'''

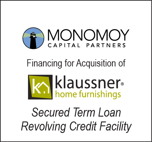 Baird served as exclusive debt advisor to Monomoy Capital Partners. Monomoy Capital Partners recently completed a secured debt financing in support of its acquisition of Klaussner Furniture Industries, Inc. The Financing consisted of a senior secured revolving credit facility and a secured term loan.
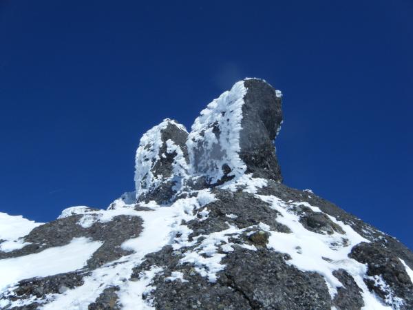 - 前三ツ頭までは樹林帯なので危険箇所なし。そこより稜線に上がるので視界不良などルート失に注意です。当日も強風とガスの中ホワイトアウト。コルの樹林帯に入るまではルートファインディングでした。
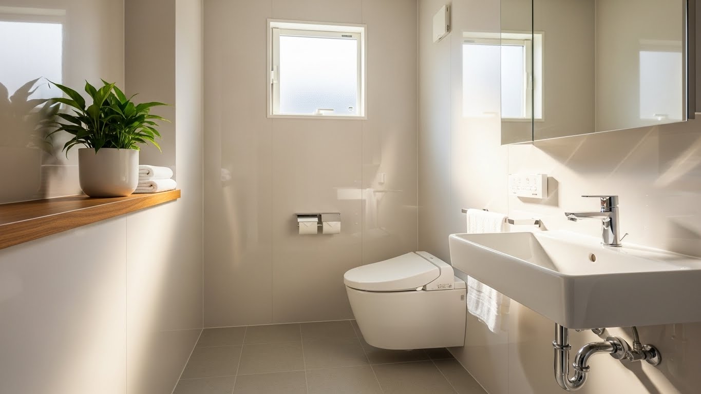 掃除が終わり、蓋が閉められ、小さな観葉植物が飾られた清潔なトイレ
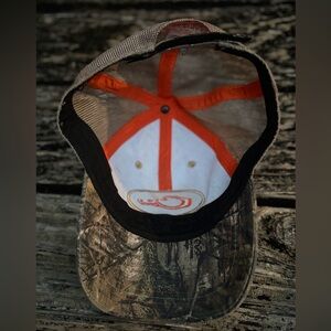Drake Waterfowl Non-Typical Mesh-Back Adjustable Camouflage Trucker’s Cap Hat T3. Camo cap by Drake with bold orange details. Ideal for outdoor wear.
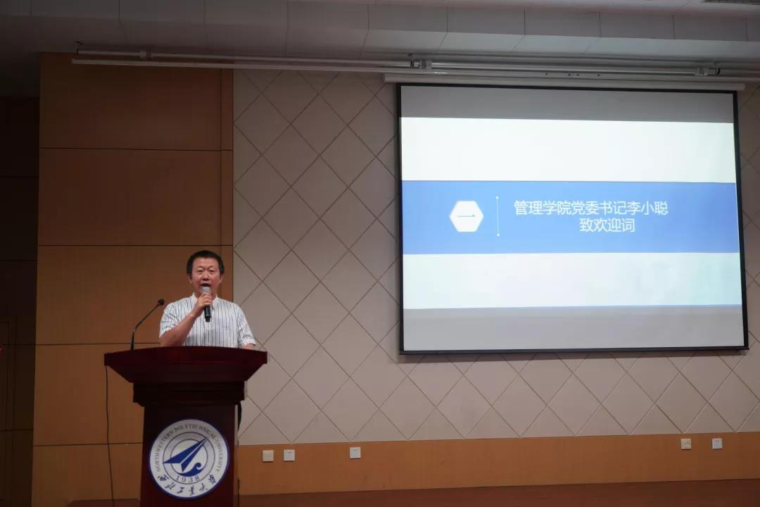 接下来举行了会议的第一项:李小聪书记上台致欢迎词。在发言中书记再次表达了对各位新生家长到来的感谢,接着强调了管理的价值在凸显,是当今世界的重要生产力。针对在座的新生,书记表达了对大家的期望与肯定,希望新生们在接下来的时间里能够为了自己的目标不断努力、学会“自我管理”,期盼2019级新生带着美好的愿景,将心中的火转化为智慧和才干。
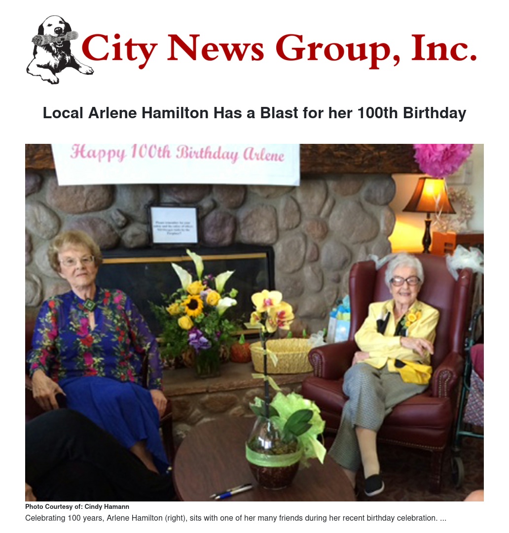 Local senior and Loma Linda Emeritus resident Arlene Hamilton celebrated her 100th birthday Friday, Oct. 3.
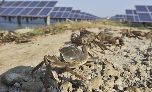2013年10月24日,螃蟹在江蘇鹽城市建湖縣境內的“漁光互補”光伏發電站內爬行。建湖縣從2011年開始分期建設“漁光互補”光伏發電站,在水面上方架設光伏組件發電,利用水體進行水產養殖,提高了水面資源利用效率。新華社發(濮良平 攝)
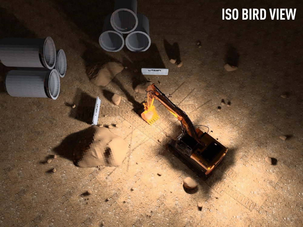 The following simulations visualise the exact light output achieved by the case study set up, demonstrating the combination of front and rear lighting and the distribution of light in the key zones in front off and around the excavator.
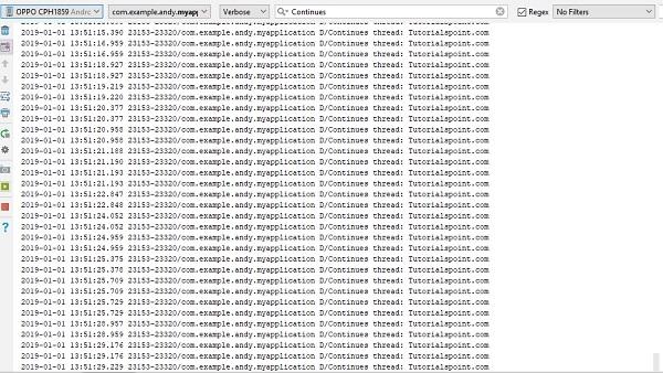 Log.d("Continues thread", "Tutorialspoint.com");
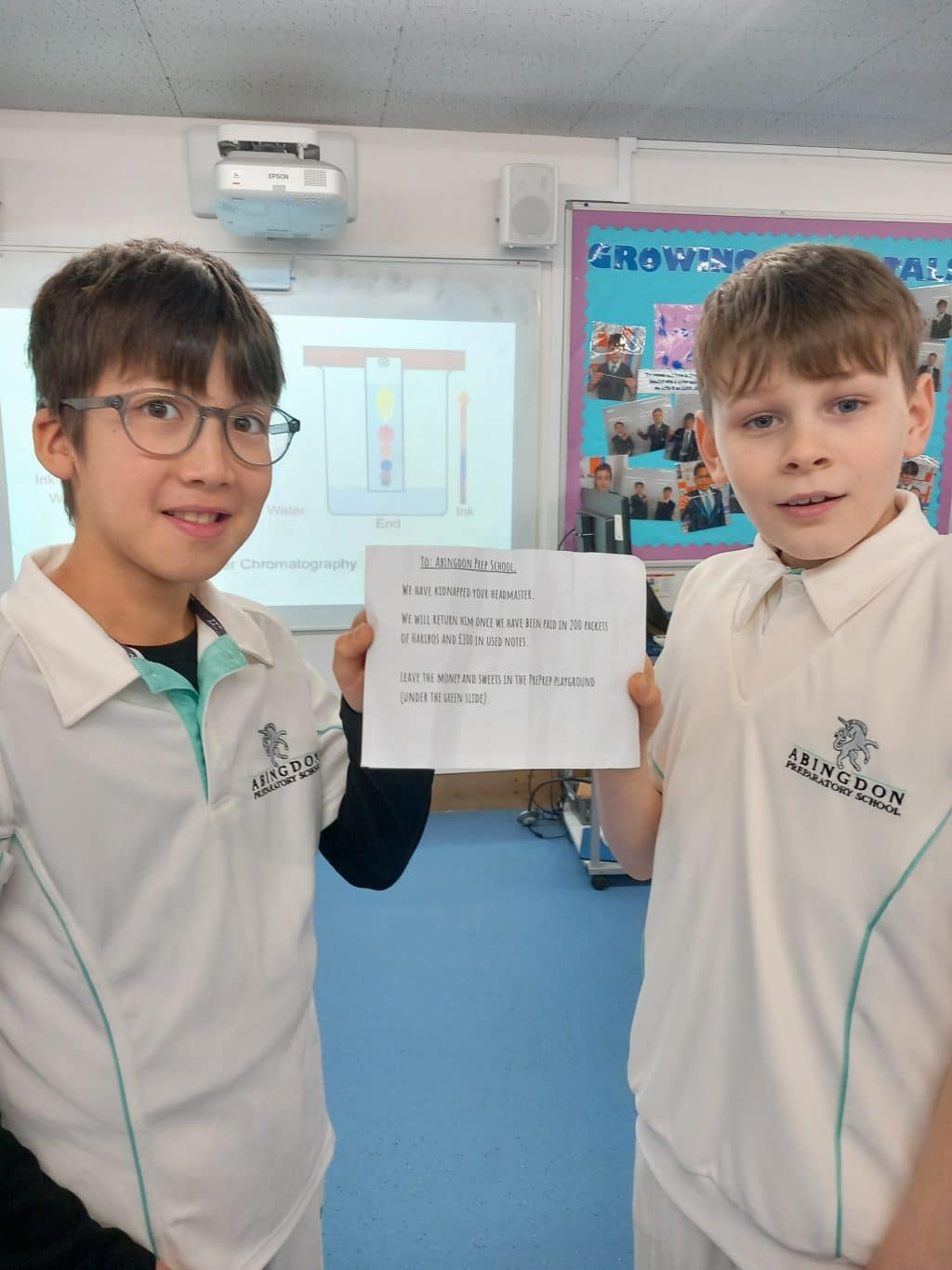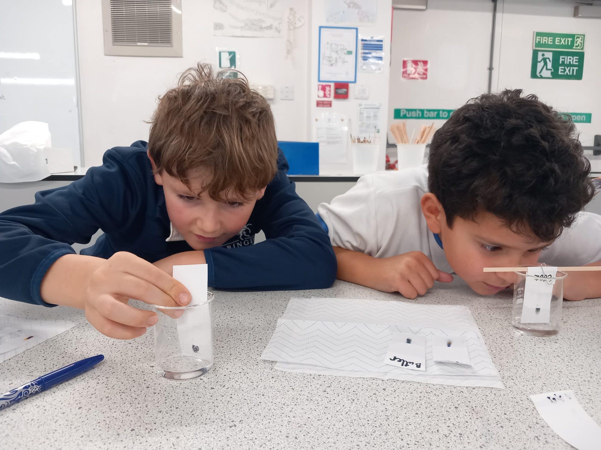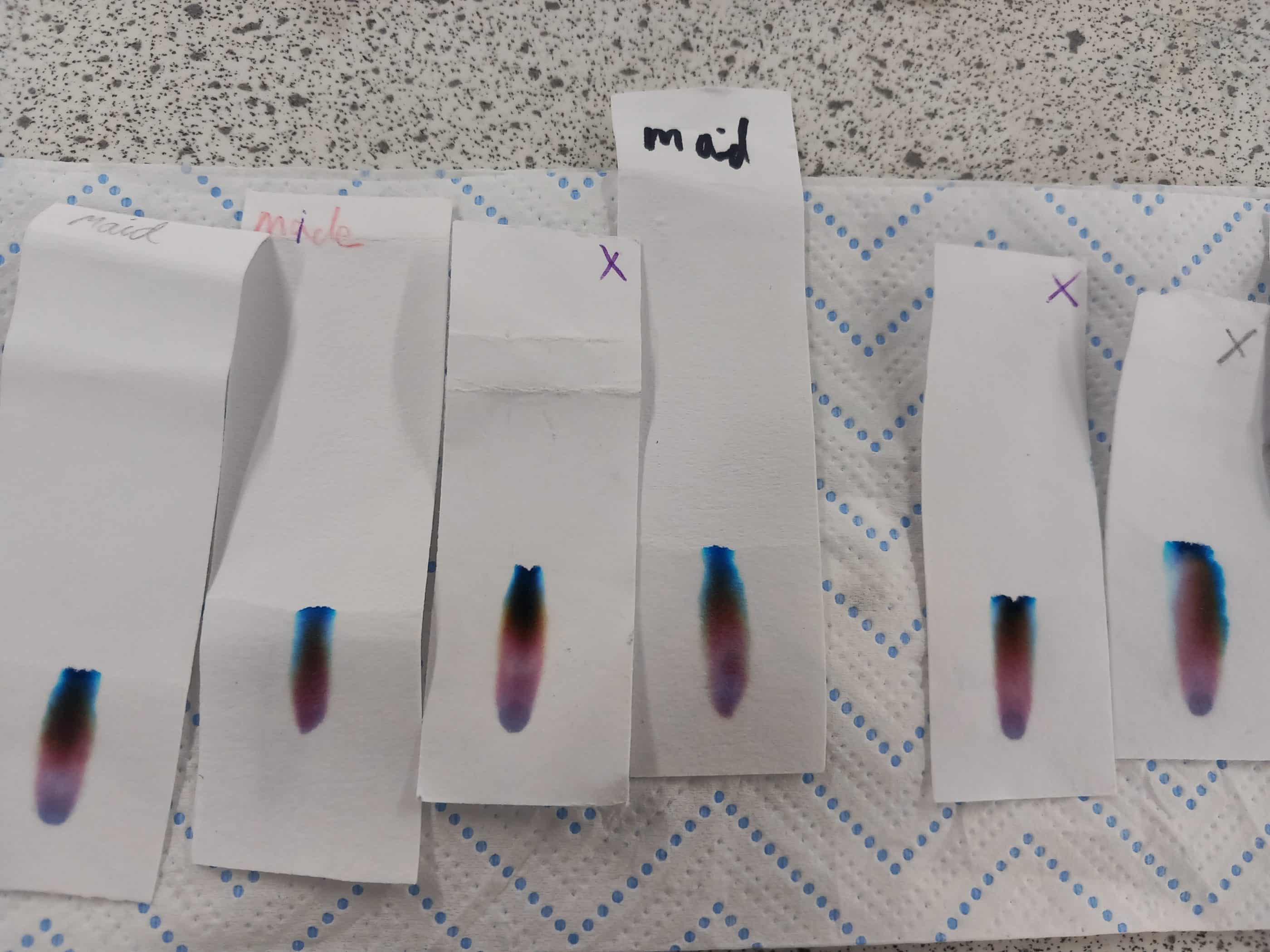 Year 6 have been using paper chromatography separation this week to solve a mystery — who kidnapped Craig in his final week? We tested the ink from the note (Sample X) and compared it with black pens belonging to all the suspects found at the crime scene… and the results showed it was the maid.

'''

YOUR ASSIGNMENT = With all pictures removed, reproduce the lines from the top of the entries above through the line containing "Drake Waterfowl Non-Typical", exactly as written.

SOLUTION =
 Baird served as exclusive debt advisor to Monomoy Capital Partners. Monomoy Capital Partners recently completed a secured debt financing in support of its acquisition of Klaussner Furniture Industries, Inc. The Financing consisted of a senior secured revolving credit facility and a secured term loan.
 - 前三ツ頭までは樹林帯なので危険箇所なし。そこより稜線に上がるので視界不良などルート失に注意です。当日も強風とガスの中ホワイトアウト。コルの樹林帯に入るまではルートファインディングでした。
 掃除が終わり、蓋が閉められ、小さな観葉植物が飾られた清潔なトイレ
Drake Waterfowl Non-Typical Mesh-Back Adjustable Camouflage Trucker’s Cap Hat T3. Camo cap by Drake with bold orange details. Ideal for outdoor wear.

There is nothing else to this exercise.